Cons: Materials aren't developed to help kids learn the concepts most commonly taught in high school physics classrooms.
Bottom Line: Fun physics news can be a nice extension for some students, but content might not be as helpful in supporting physics curriculum.
Teachers can use Physics Central to find reading material that isn't available in physics textbooks. The scientific and technical text provided can be used to address the Common Core Reading Standards for Science Subjects. Actual excerpts from certain popular fiction and nonfiction books might get some kids fired up about the subject matter. Teachers can stay on top of current news in the discipline by checking out the Physics Buzz Blog. If you are using the site as a class, carefully monitor student activity. Physics Central is monitored, and some posts are taken down by the site administrator. However, kids can publish anonymous replies to posts, an option they may exploit by writing disrespectful entries.
Physics Central highlights the fun and interesting parts of physics. The site provides a broad variety of resources including pictures, physicist biographies, podcasts, and video clips. The Physics Buzz Blog describes the current developments in the world of Physics. A section called “Ask & Experiment” gives descriptions of basic Physics activities that can be done in the classroom or at home. Examples include: Skull Galaxies, where you can view an X-ray image and read a description of the Perseus Galaxy Cluster; Weightlessness in Movies, where you can listen to a podcast about how weightlessness is simulated; and Crash Reconstruction Physics, where you can read an article about the ways physics is used in legal proceedings.

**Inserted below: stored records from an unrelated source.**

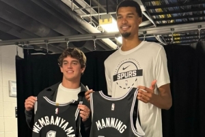 本場比賽,德克薩斯大學橄欖球隊球員阿奇·曼寧等人現(xiàn)場觀看了本場比賽,并受到了文班亞馬及??怂沟慕哟P侨⑵妗ぢ鼘庍€和文班互換了球衣。
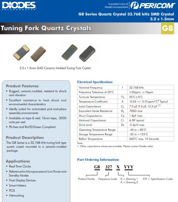 | G83270025 | Diodes晶振 | SaRonix-eCera™ G8 | 32.768kHz | - | 2-SMD, No Lead |
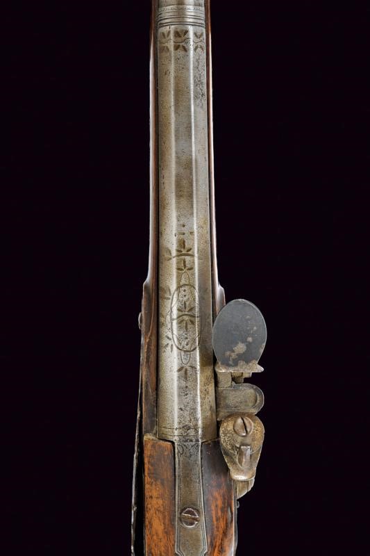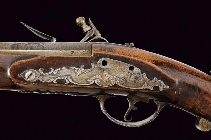 Canna liscia a due ordini, ottagonale nella prima parte e decorata a motivi floreali, con anellature al cambio, in seguito di sezione tonda. Volata con strombatura ellittica e con due cornici incise. Codetta a bordi delineati. Batteria a pietra focaia firmata "G.M. LOGGIA", la coda con incisone a tacche posizionata in modo quasi trasversale alla cartella; i bordi obliqui; manca una vite di fissaggio. Cassa intera in legno (piccoli difetti) con calcio leggermente più snello nella parte inferiore; manca un chiodo di fissaggio al muso. Bottone per il piegamento posto al dorso del collo. Fornimenti in ferro incisi a motivi floreali in bassorilievo; la contropiastra con vite di fissaggio mancante. Bacchetta in legno.

Some resources on the site are not clearly linked to physics curriculum. For example, a podcast called "Gauss’s Missing Brain” tells the story of a famous mathematician's brain that was misplaced after he died. Though it's an interesting story about the physiology of genius, it's not that useful in a physics classroom. This problem appears in some of the Physics Quest activities, as well. For example, Go with the Flow examines the reasons Michael Phelps swims so fast, asking the question “Which shapes are more hydrodynamic?” While this topic may interest kids, it is not a crucial learning point for high school physics students. Many activities seem geared more toward middle school science students than high school students.
Overall, the Physics Central site is well organized. Users can click on a major topic in physics and see a broad variety of resources. The highlight of the site is the Writers Gallery, which provides excerpts from popular physics-related books. This can be helpful when looking for authentic, non-standard texts for student reading.